Sinornithosaurus ist eine Gattung theropoder Dinosaurier aus der Gruppe der Dromaeosauridae. Funde dieses Tieres stammen aus der Yixian-Formation (Unterkreide) aus der chinesischen Provinz Liaoning. Sinornithosaurus war ein sehr vogelähnlicher gefiederter Dromaeosaurier, der sich durch die proportional längsten Arme aller Theropoden auszeichnete. Wie eine neuere Studie nahelegt, jagte dieses Tier seine Beute wahrscheinlich mit Gift. Dieser frühe und basale (ursprüngliche) Dromaeosauride gilt meistens als Vertreter der Dromaeosauriden-Untergruppe Microraptorinae. Bisher sind mindestens zwei Skelette bekannt, die zwei Arten zugeschrieben werden, Sinornithosaurus millenii und Sinornithosaurus haoiana. Ein weiteres Skelett mit dem Spitznamen „Dave“ gehört evtl. ebenfalls zu dieser Gattung.

Merkmale

Sinornithosaurus war ein kleiner Dromaeosauride. Das Typexemplar war schätzungsweise 128 cm lang und 5 kg schwer, wobei der Schädel etwa 15,2 cm[1] und das Femur (Oberschenkelknochen) etwa 14,8 cm lang war.[2]

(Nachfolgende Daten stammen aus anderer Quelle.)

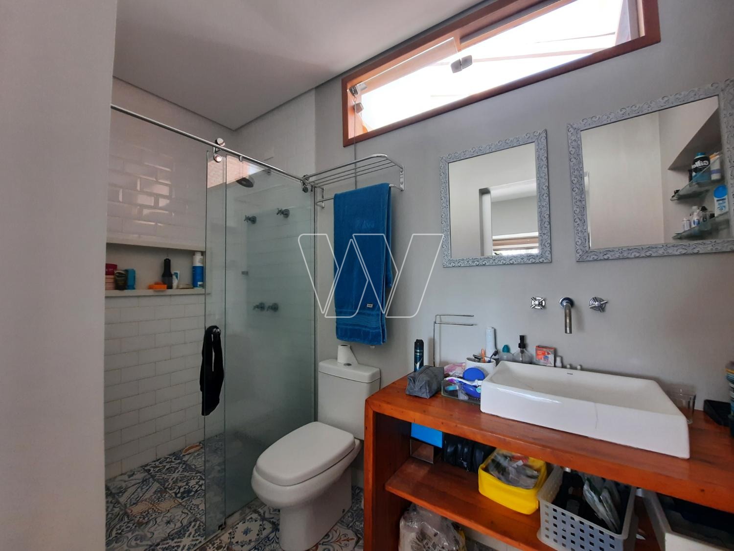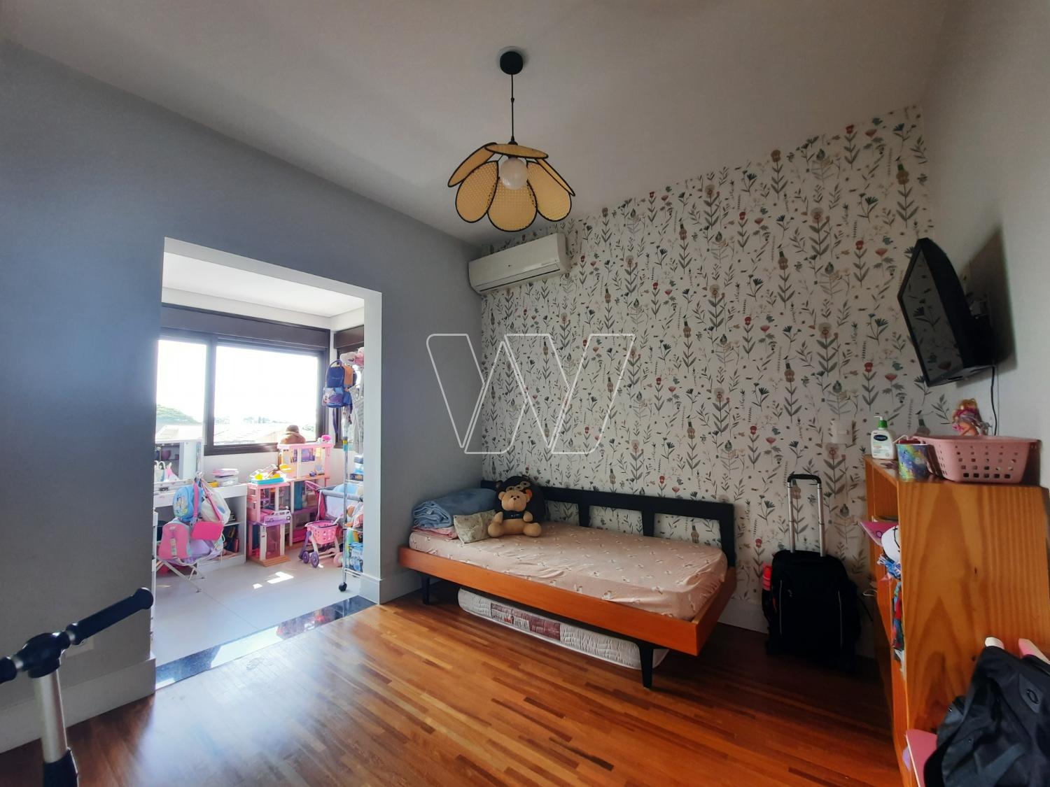 NO PISO TÉRREO: ampla sala conjugada para estar e jantar, iluminada por porta de vidro de correr, para área de luz. Cozinha planejada, corredor com roupeiro, suite master com closet e acesso para sacada com porta de vidro de correr. Mais dois quartos com armários, um deles com salinha anexa e grande janela panorâmica. Todos os quartos com ar-condicionados. Um banheiro social para servir os dois quartos. Todos os banheiros e torneiras alimentados com água quente pelo aquecimento solar central, pressurizado quente/fria.

Der Schädel des Typexemplars ist fast komplett erhalten, obwohl sich die meisten Knochen des Fundes nicht mehr im anatomischen Verbund befinden. Wie bei allen Dromaeosauriden war der Schädel leicht gebaut und zeigte einen großen Hirnschädel und eine schmale Schnauze. Die Schnauze war etwa 7,5 cm lang und proportional kürzer als bei Velociraptor und Deinonychus.[1] Die Arme waren die im Verhältnis längsten aller Nicht-Vogel-Theropoden und werden auf 80 % der Hinterbeinlänge geschätzt. Die Mittelfußknochen zeigten eine arctometatarsale Stellung: So berührten sich der zweite und der vierte Mittelfußknochen und schoben den dritten nach hinten, sodass dieser von vorne betrachtet lediglich im unteren Teil des Mittelfußes sichtbar war. Dieses Merkmal ist unter Dromaeosauriden ansonsten nur bei Microraptor zu finden[3].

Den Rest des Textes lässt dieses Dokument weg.